In Hyracks case, we store the pointer(usually a pair of (frameID, recordID)) in 
one java array and manipulate the pointers instead of the original records. We 
mainly want to break the that one array into multiple small ByteBuffer-based 
arrays. By doing so, we can reduce the risk of OOM for a large array and we may 
also take the memory usage of those pointers into account for the flush 
decisions.  @Ted, could you share some insights about how the ValueVectors 
handles manipulations? e.g. sort, hashing … etc.  

> On Feb 1, 2016, at 3:16 PM, Ted Dunning <[email protected]> wrote:
> 
> Have you guys looked at the Drill ValueVectors?
> 
> This structure is being spun out as Apache Arrow with multiple interfaces
> and language bindings.
> 
> On Mon, Feb 1, 2016 at 9:56 AM, Jianfeng Jia <[email protected]> wrote:
> 
>> Hi,
>> 
>> We plan to implement an append-only array at first.

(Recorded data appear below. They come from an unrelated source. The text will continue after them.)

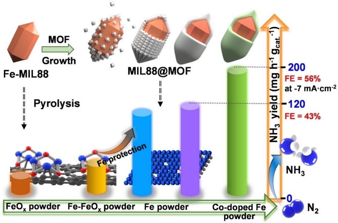针对上述挑战,青岛科技大学陈玉贞教授团队提出一种新型壳保护策略通过MOF制备了体相铁金属电极材料。即精准调控反应温度、搅拌速率等工艺参数,在MIL88表面均匀外延生长异构的MOF保护壳层,煅烧时外层MOF不仅可原位消除MIL88中残余氧物种,形成的氮掺杂碳层可保护内部铁颗粒不被氧化,最终获得高纯多孔铁粉。所得多孔铁粉中丰富的铁空位增强了对氮气的吸附与活化能力;表面微环境实现了竞争性析氢反应的有效抑制;良好的抗氧化和耐酸性能增加了长期稳定性。电化学测试结果显示,该多孔铁粉在-0.24 V vs. RHE(可逆氢电极)电压下,氨产率达120.05 μg h-1 mgcat.-1,法拉第效率为43.44%,较商业铁粉提升超过20倍。打破了体相过渡金属在电催化NRR合成氨的性能限制。在此基础上,通过调控外层MOF中的金属中心,掺杂了少量钴物种构建出的钴掺杂的铁粉末在7 mA cm-2电流密度下,氨产率进一步提升至200.50 μg h-1 mgcat.-1,法拉第效率达56.34%。性能超越了大部分NRR电极材料。这一电流密度值在已报道的非贵金属NRR催化剂中处于较高水平,反映出材料在传质与反应动力学方面的显著优势。与常规体相金属电极材料相比,该多孔铁粉通过铁空位的可控构筑与表面化学环境的协同调控,在氮气活化与析氢抑制之间实现了更优平衡。该策略为开发其他对空气敏感但具有高活性的金属提供了新思路。同时,该研究为开发更多体相过渡金属以实现工业级绿色氨合成提供了指导。
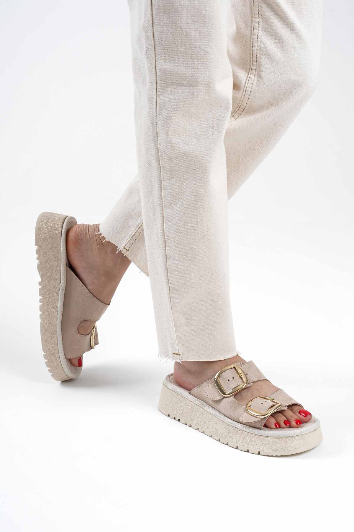 Bej Hakiki Deri Terlik TR31MY62C
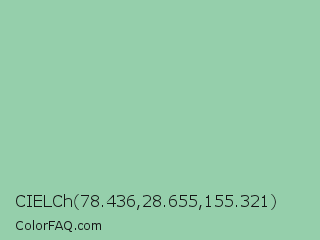 CIELCh 78.436,28.655,155.321 Color is a light green color and the nearest color is Eton Blue #96c8a2. Hex code #95cfab and RGB value is rgb(149,207,171). In RGB color space, this color is composed of 58% red, 81% green, 67% blue, In CMYK color space, this color is composed of 28% cyan, 0% magenta, 17% yellow , 19% black , In HSL color space, this color has a hue angle of 143° , 38% saturation and 70% lightness.
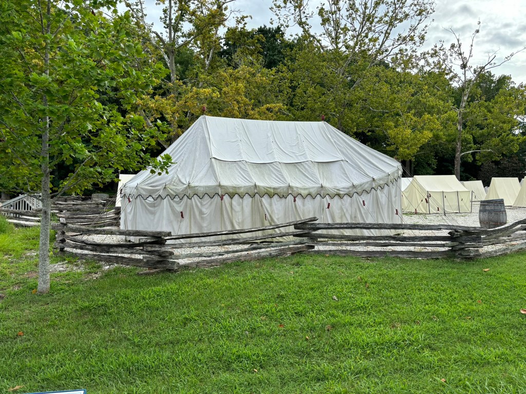 After we made our way through the museum, my family went outside to the living-history portion of the museum. Like we experienced in Colonial Williamsburg and Jamestown, the museum allowed us to go back in time and experience first-hand, what life was like in the late 18th century. First, there was a Continental Army encampment that we walked through.
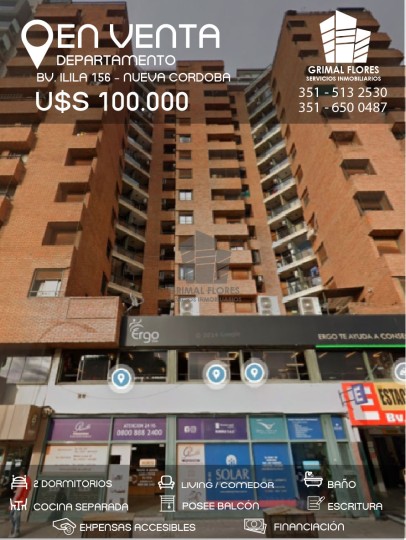 Departamento en Venta en Nueva Córdoba de 2 dormitorios! Living comedor con Balcón Contra frente Cocina separada con espacio para Lavarropas. Baño completo Dos dormitorios con placares completos Buen estado de mantenimiento Cuenta con Escritura Departamento en Tercer Piso
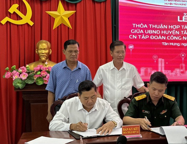 Lãnh đạo huyện Tân Hưng và Viettel Long An ký kết thỏa thuận hợp tác chuyển đổi số.
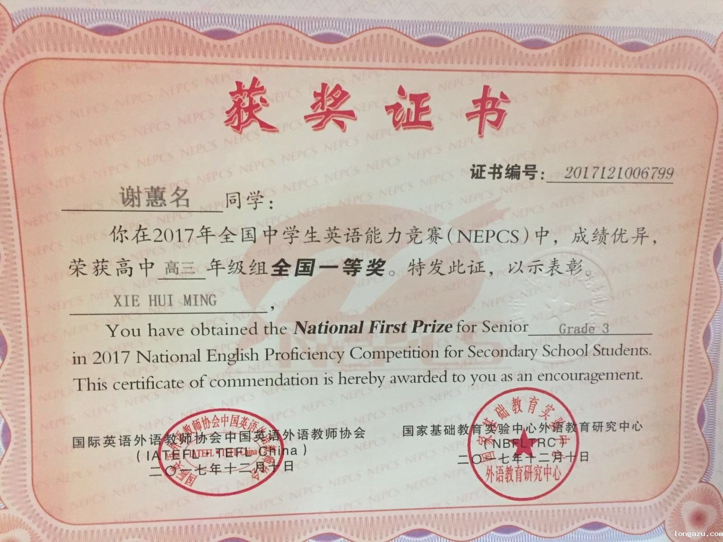 我校在2017年全国中学生英语能力竞赛中喜获佳绩
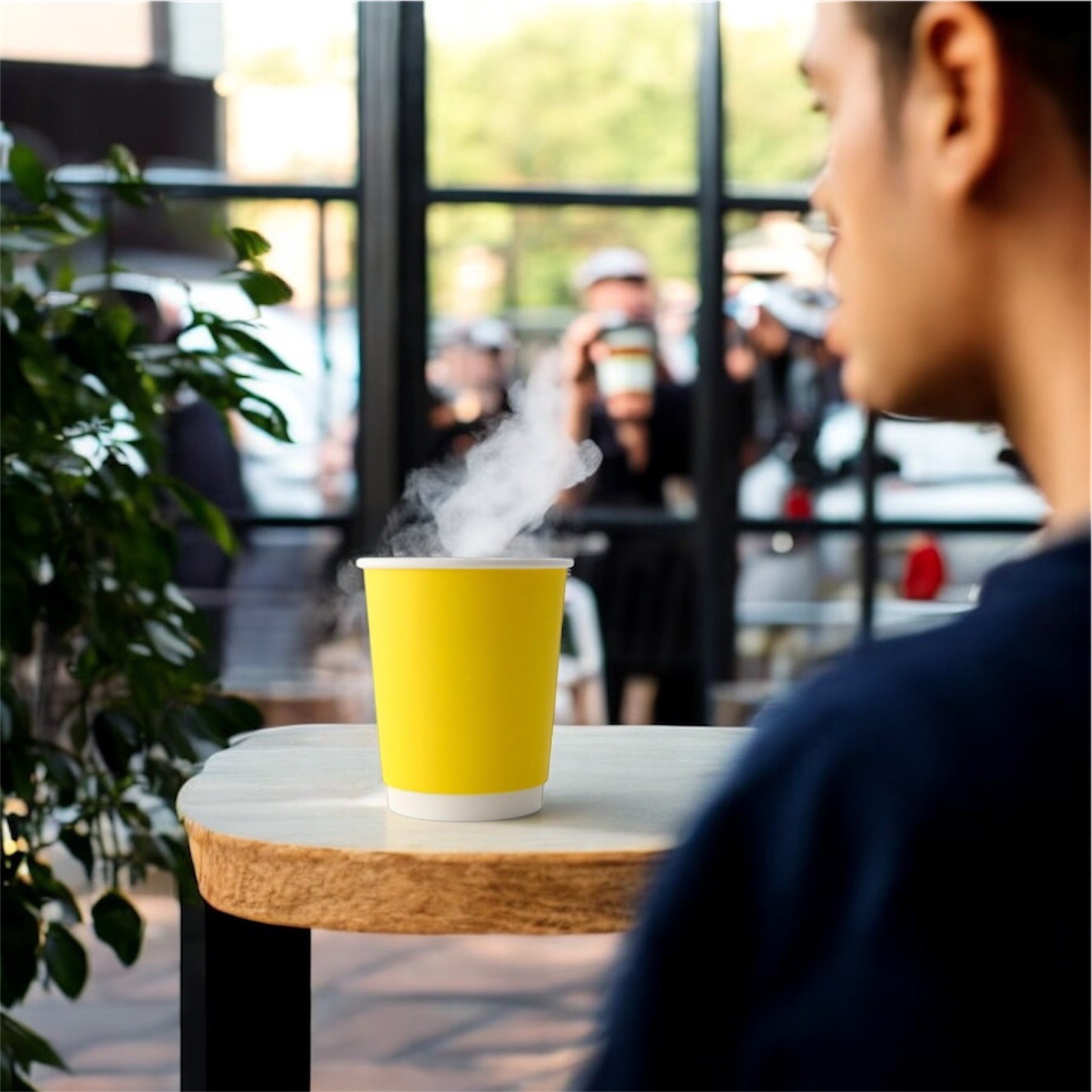 90mm口径 10オンス (300ml) 断熱二重イエロー紙コップ 1000個

The main reason is
>> this is how the auxiliary data structure be used so far. Then the
>> implementation is straightforward.
>> 
>> The tree-structured Vector in Scala can save a lot in updating case mainly
>> because of their immutable requirement. It can saving unnecessary data
>> copies comparing to other immutable list when updating. We only allow
>> in-place update. The tree design may be overkill for us.
>> 
>> Xi made on detailed design doc is here:
>> https://docs.google.com/document/d/1bs3JBCxmvuJZmBq_gKzUDt0FZdM9j3d3MPAmC29ZoSA/edit?usp=sharing
>> Any thoughts or comments?
>> 
>> 
>>> On Jan 18, 2016, at 9:52 AM, Chen Li <[email protected]> wrote:
>>> 
>>> @Xi and Jianfeng: after we come up with the design, let's share it with
>> the
>>> group for an approval before the implementation.
>>> 
>>> Chen
>>> 
>>> On Fri, Jan 15, 2016 at 11:48 AM, Mike Carey <[email protected]> wrote:
>>> 
>>>> The accounting is just as critical as the chunking - we should do both
>>>> (together).
>>>> 
>>>> 
>>>> On 1/15/16 9:00 AM, Till Westmann wrote:
>>>> 
>>>>> I don’t have relevant experience on the subject. But I think that it
>>>>> sounds good to avoid arbitrarily long chunks of memory. Especially - as
>>>>> Jianfeng wrote - it would be good to be able to a) account for this
>> memory
>>>>> and b) to manage it.
>>>>> An interesting question for me would be what the overhead of such a
>>>>> Vector is compared to a simple Java array and as a result where it
>> should
>>>>> be used to replace arrays. (The comparison in [3] only compares
>> different
>>>>> Scala collections, but doesn’t look at plain arrays.)
>>>>> 
>>>>> Cheers,
>>>>> Till
>>>>> 
>>>>> On 14 Jan 2016, at 22:05, Chen Li wrote:
>>>>> 
>>>>> Before we ask Xi to work on this project, it will be good to know if
>>>>>> other people have seen similar problems and agree with this plan.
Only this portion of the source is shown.